A witness present at the protest later told Human Rights Watch the police beat protestors with batons and fired teargas. He and others said the protests were largely peaceful, but several demonstrators fought back when the police used teargas and fired rubber bullets to break up the crowd.
There have been reports of serious injury and even death, but Human Rights Watch has been unable to ascertain the validity of these reports.
For years the authorities and pro-government newspapers have rejected any administrative responsibility for the lake’s drying, citing instead global warming as the main factor. Official reports blame the drying mainly on a decade-long drought, and only peripherally on consumption of water of the feeding rivers for farming.
But many others disagree with this assessment.
The first alarm over the lake’s shrinking came in the 1990s amid a nagging drought.

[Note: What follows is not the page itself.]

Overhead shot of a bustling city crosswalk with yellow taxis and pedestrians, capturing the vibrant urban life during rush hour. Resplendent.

Nonetheless, the government pressed on with the construction of dozens of dams and a roadway over the lake between Tabriz and Urumiyeh, for which no environmental feasibility study was conducted.
Environmentalists believe the project worsened the lake’s health by acting as a barrier to water circulation.

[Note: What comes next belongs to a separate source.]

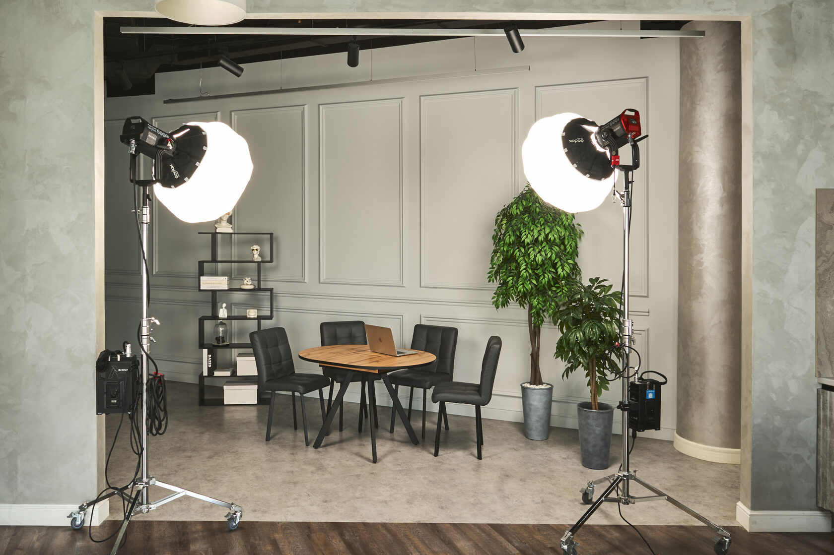 Включает в себя аренду всей студии, 3 световых источника. При аренде студии для подкаста услуги видеографа, аренда техники оплачиваются отдельно. *Наносить макияж, распылять средства для укладки волос в залах запрещено, если вам нужно собраться перед съемкой, просим вас воспользоваться гримеркой.

Nasser Agh, who teaches at Tabriz Sahand University, suggested miscalculations led to a late reaction to save the lake.
“Experts believed it would be a 10-year drought cycle, at first,” he said. But the drought still persists, with devastating effects.

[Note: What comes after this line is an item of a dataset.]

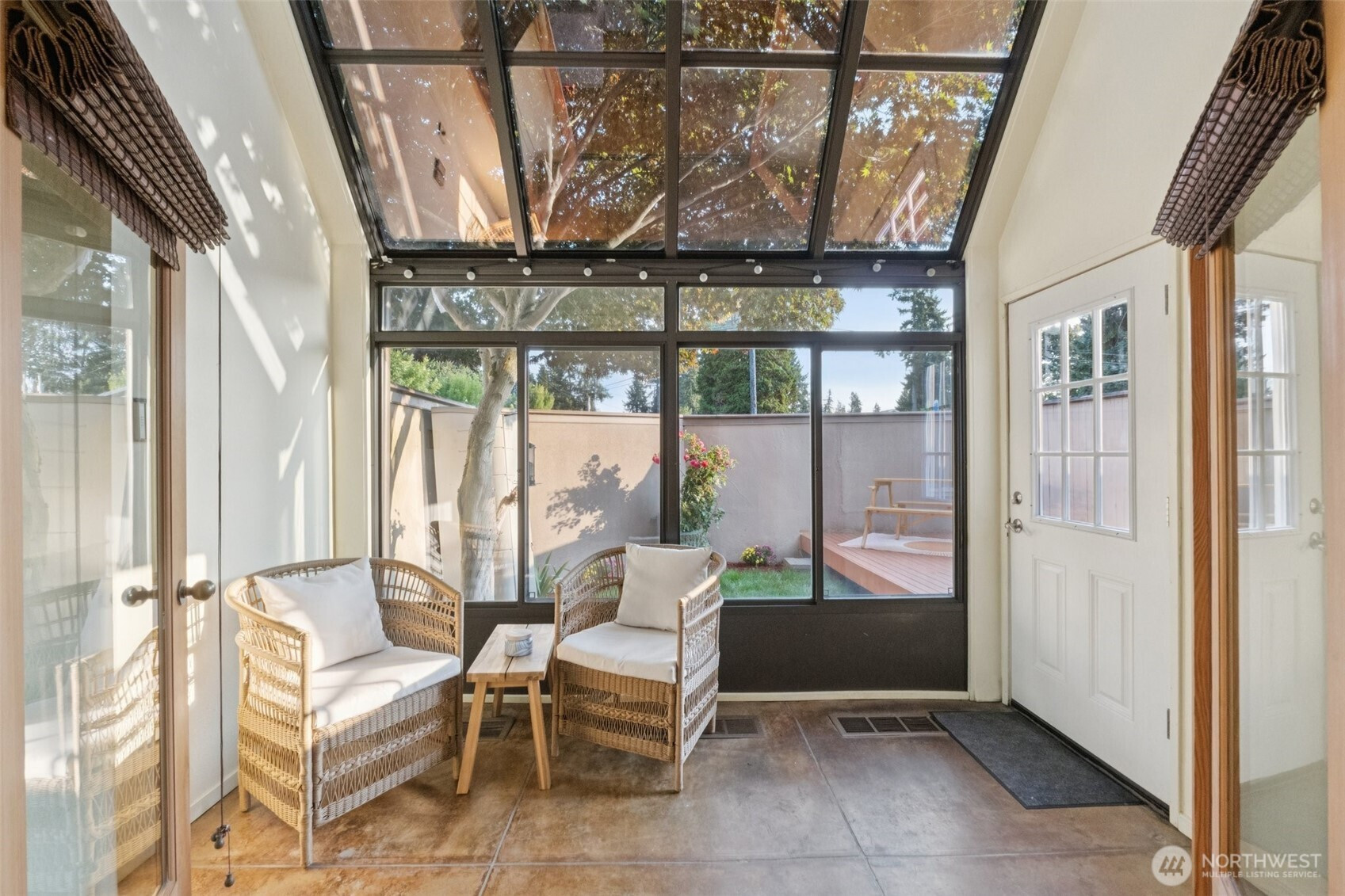 Spacious 2br, 1.5ba townhouse with generous storage in a prime location just outside Seattle and minutes from beautiful downtown Edmonds. The large primary suite includes a walk-in closet and private balcony, while the luminous solarium fills the home with natural light and opens to a private deck for outdoor enjoyment. Fresh sod, mulch, fresh sealant on the deck. Recently updated with fresh paint, new carpeting, and modern kitchen appliances, home is move-in ready. Features include recessed/track lighting, a convenient nested washer/dryer, and a low-maintenance design. Complete with a private garage and another one for parking, this townhouse blends comfort, style, and convenience in unbeatable setting. Pets are allowed. Savings in Packet!

In the early 2000s, academic research concluded that the lake could face the same destiny as the Aral Sea in Kazakhstan and Uzbekistan, which has been steadily shrinking since rivers that feed it were diverted by Soviet irrigation projects in the 1960s. It is now less than one-tenth its original size.
Hassan Abbas-nejad, an official of the Environmental Protection Organization in West Azerbaijan, reported several months ago that the deepest part of the lake is now only two meters (six 1/2 feet), and warned against increased salinity and calamitous problems for the region’s ecology and climate.
The reduction of the oxygen level from shrinkage threatens the survival of the only living creature in the lake, the artemia or brine shrimp, which serves as a food source for flamingos and other migratory birds.
Meanwhile, the governor of West Azerbaijan province asked Iranians to remain alert to plots by the enemies of the revolution. Lake Urumiyeh’s fame has spread beyond Iran’s borders, he said, commenting that although Iranians are worried about its condition, similar expressions from foreign media are a thinly veiled attempt to incite the people against the government.
The governor is not alone in his complaints against foreign provocation. Several publications have denounced what they call a Voice of America report saying the Iranian government wants to dry out the lake so it can get to uranium deposits on the lakebed.
Tensions over the lake also played out on the soccer field when the Azerbaijan-based Teraktor-sazi downed Tehran’s Esteqlal September 9, putting Teraktor-sazi on top of the national standings and prompting nationalist chants and demands for the more water for Lake Urumiyeh.
Urumiyeh, however, is hardly Iran’s only pressing environmental issue.
Esfahan’s Zayandeh River is frequently dry, and the iconic Si-o Seh Pol bridge is cracked. There is a call in Esfahan for people to wear black armbands Friday to draw attention to the plight of the city’s two landmarks.